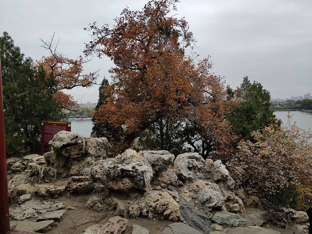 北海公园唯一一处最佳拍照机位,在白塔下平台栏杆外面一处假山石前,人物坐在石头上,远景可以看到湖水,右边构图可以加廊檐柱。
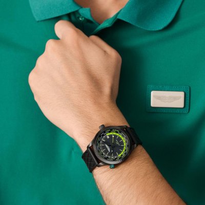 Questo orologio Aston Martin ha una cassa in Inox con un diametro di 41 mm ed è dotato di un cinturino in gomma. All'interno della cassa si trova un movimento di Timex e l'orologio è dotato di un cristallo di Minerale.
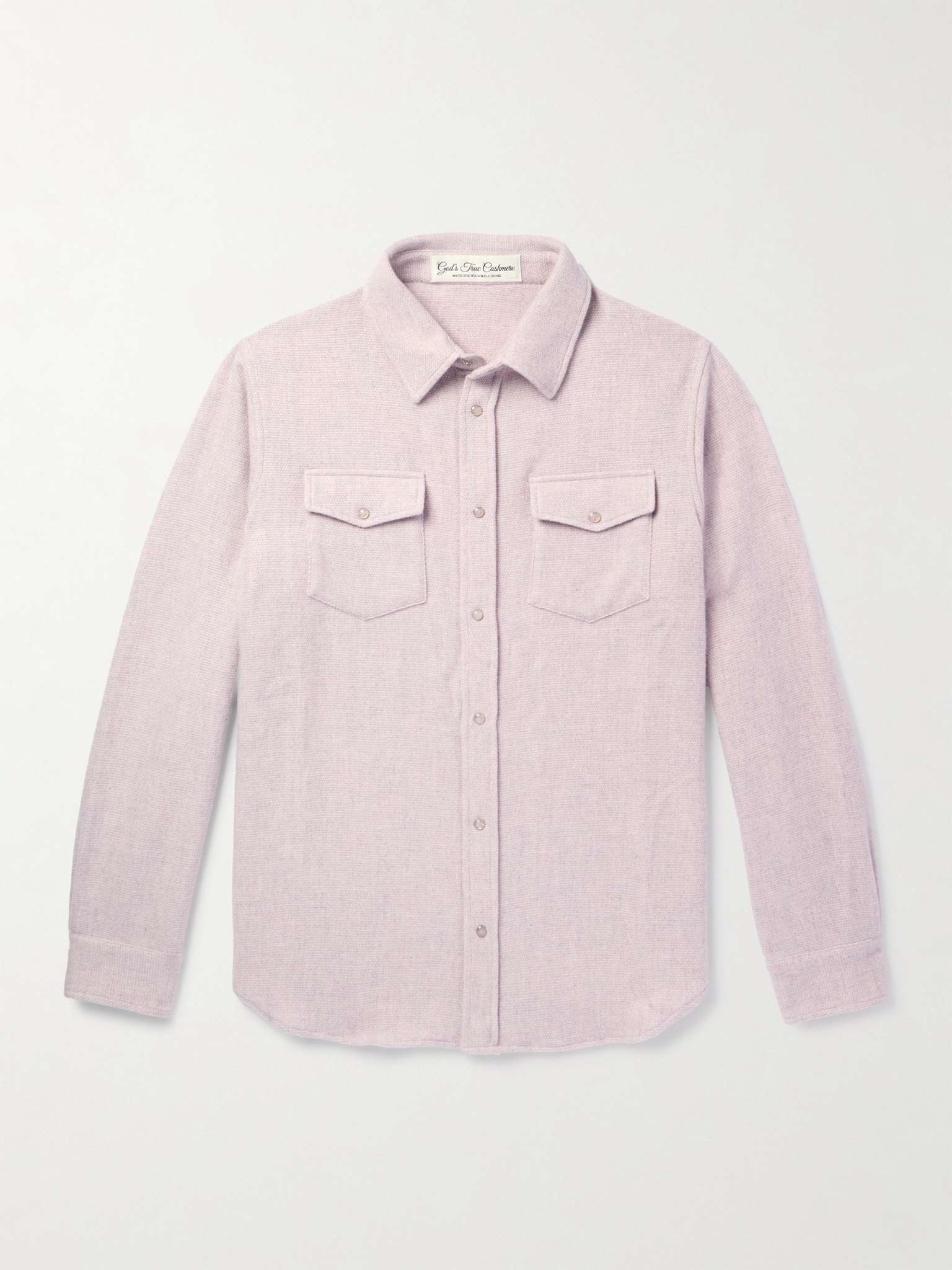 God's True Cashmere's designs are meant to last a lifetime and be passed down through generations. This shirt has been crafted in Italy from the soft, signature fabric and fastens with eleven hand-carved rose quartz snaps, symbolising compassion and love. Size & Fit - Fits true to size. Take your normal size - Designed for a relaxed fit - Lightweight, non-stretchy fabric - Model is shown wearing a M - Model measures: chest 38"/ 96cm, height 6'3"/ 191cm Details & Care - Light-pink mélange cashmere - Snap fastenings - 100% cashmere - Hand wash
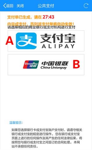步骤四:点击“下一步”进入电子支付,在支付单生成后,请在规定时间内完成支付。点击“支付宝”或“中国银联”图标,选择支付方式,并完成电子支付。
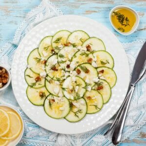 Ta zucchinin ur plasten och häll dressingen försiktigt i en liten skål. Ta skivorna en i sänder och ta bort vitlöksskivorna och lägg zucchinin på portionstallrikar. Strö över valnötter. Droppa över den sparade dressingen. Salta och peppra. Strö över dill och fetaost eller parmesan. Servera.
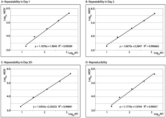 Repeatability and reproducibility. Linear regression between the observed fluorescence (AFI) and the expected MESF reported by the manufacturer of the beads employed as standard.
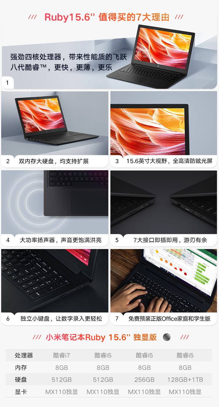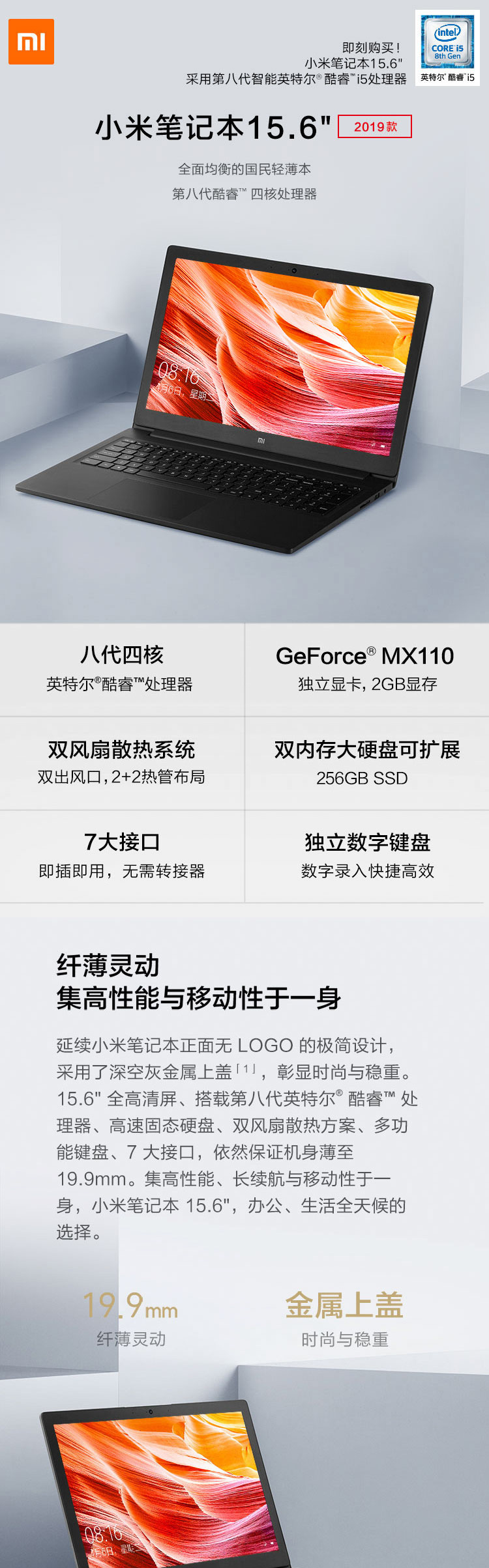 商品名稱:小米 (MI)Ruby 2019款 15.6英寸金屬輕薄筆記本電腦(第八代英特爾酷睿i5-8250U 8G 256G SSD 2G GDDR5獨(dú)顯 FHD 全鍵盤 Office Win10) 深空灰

...

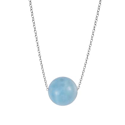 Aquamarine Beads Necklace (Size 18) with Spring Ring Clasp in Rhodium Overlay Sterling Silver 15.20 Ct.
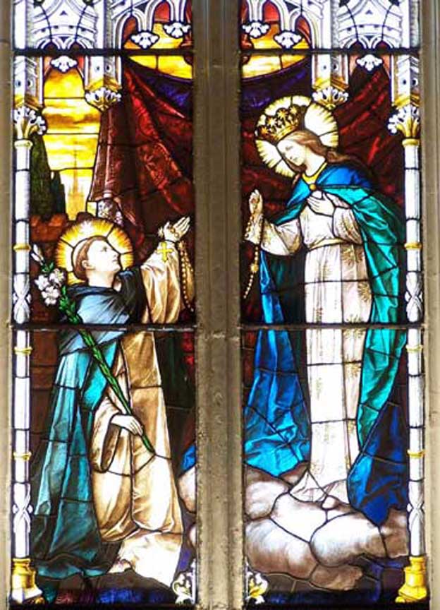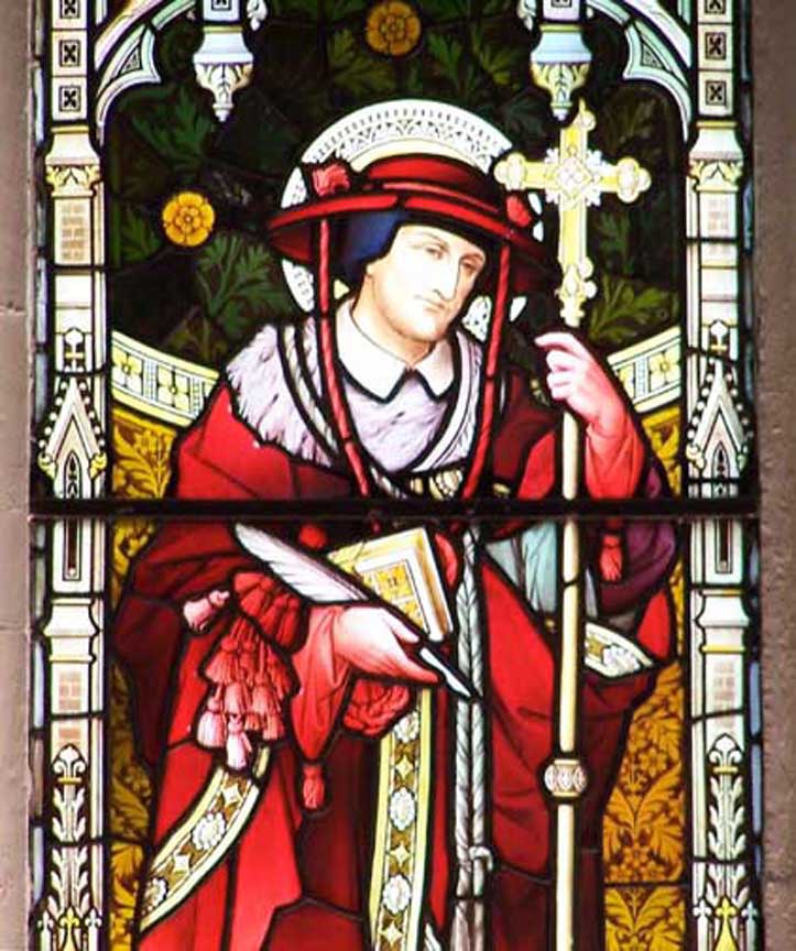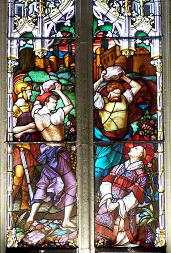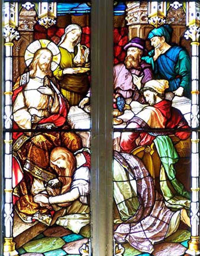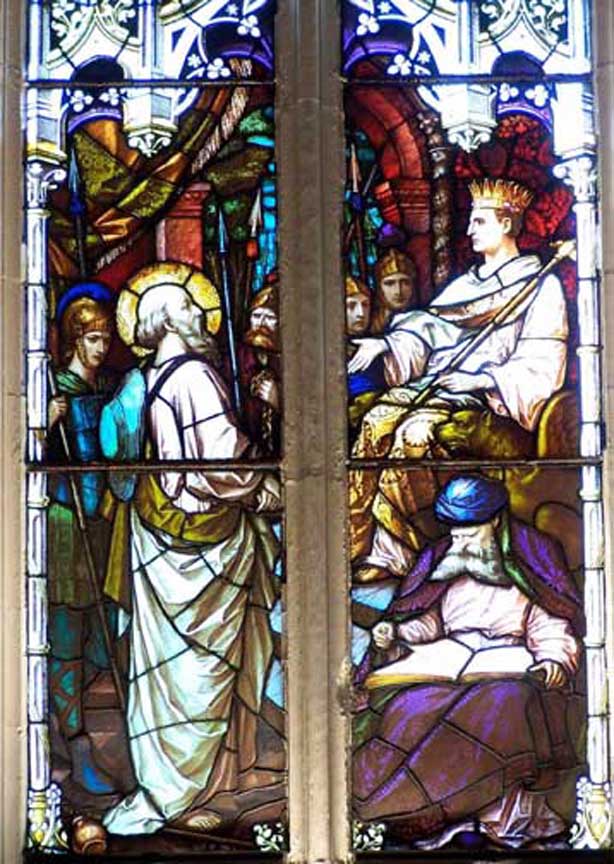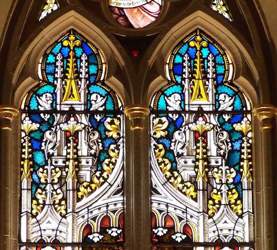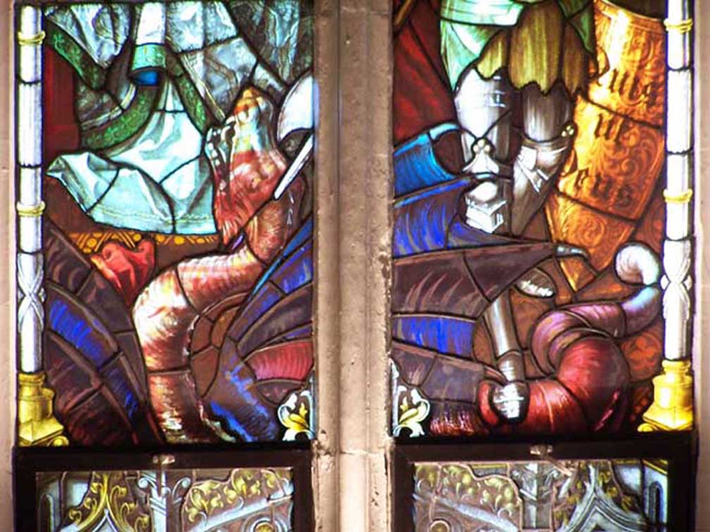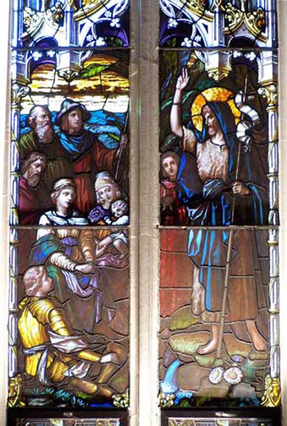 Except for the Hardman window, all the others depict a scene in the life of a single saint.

-- Work required --
Going by the data above, give back only the lines from the one containing "北海公园唯一一处最佳拍照机位" through the one containing "商品名稱:小米 (MI)Ruby 2019款", exactly as they stand, both ends included and no images.

-- Solved problem --
 北海公园唯一一处最佳拍照机位,在白塔下平台栏杆外面一处假山石前,人物坐在石头上,远景可以看到湖水,右边构图可以加廊檐柱。
 Questo orologio Aston Martin ha una cassa in Inox con un diametro di 41 mm ed è dotato di un cinturino in gomma. All'interno della cassa si trova un movimento di Timex e l'orologio è dotato di un cristallo di Minerale.
 God's True Cashmere's designs are meant to last a lifetime and be passed down through generations. This shirt has been crafted in Italy from the soft, signature fabric and fastens with eleven hand-carved rose quartz snaps, symbolising compassion and love. Size & Fit - Fits true to size. Take your normal size - Designed for a relaxed fit - Lightweight, non-stretchy fabric - Model is shown wearing a M - Model measures: chest 38"/ 96cm, height 6'3"/ 191cm Details & Care - Light-pink mélange cashmere - Snap fastenings - 100% cashmere - Hand wash
步骤四:点击“下一步”进入电子支付,在支付单生成后,请在规定时间内完成支付。点击“支付宝”或“中国银联”图标,选择支付方式,并完成电子支付。
 Ta zucchinin ur plasten och häll dressingen försiktigt i en liten skål. Ta skivorna en i sänder och ta bort vitlöksskivorna och lägg zucchinin på portionstallrikar. Strö över valnötter. Droppa över den sparade dressingen. Salta och peppra. Strö över dill och fetaost eller parmesan. Servera.
 Repeatability and reproducibility. Linear regression between the observed fluorescence (AFI) and the expected MESF reported by the manufacturer of the beads employed as standard.
 商品名稱:小米 (MI)Ruby 2019款 15.6英寸金屬輕薄筆記本電腦(第八代英特爾酷睿i5-8250U 8G 256G SSD 2G GDDR5獨(dú)顯 FHD 全鍵盤 Office Win10) 深空灰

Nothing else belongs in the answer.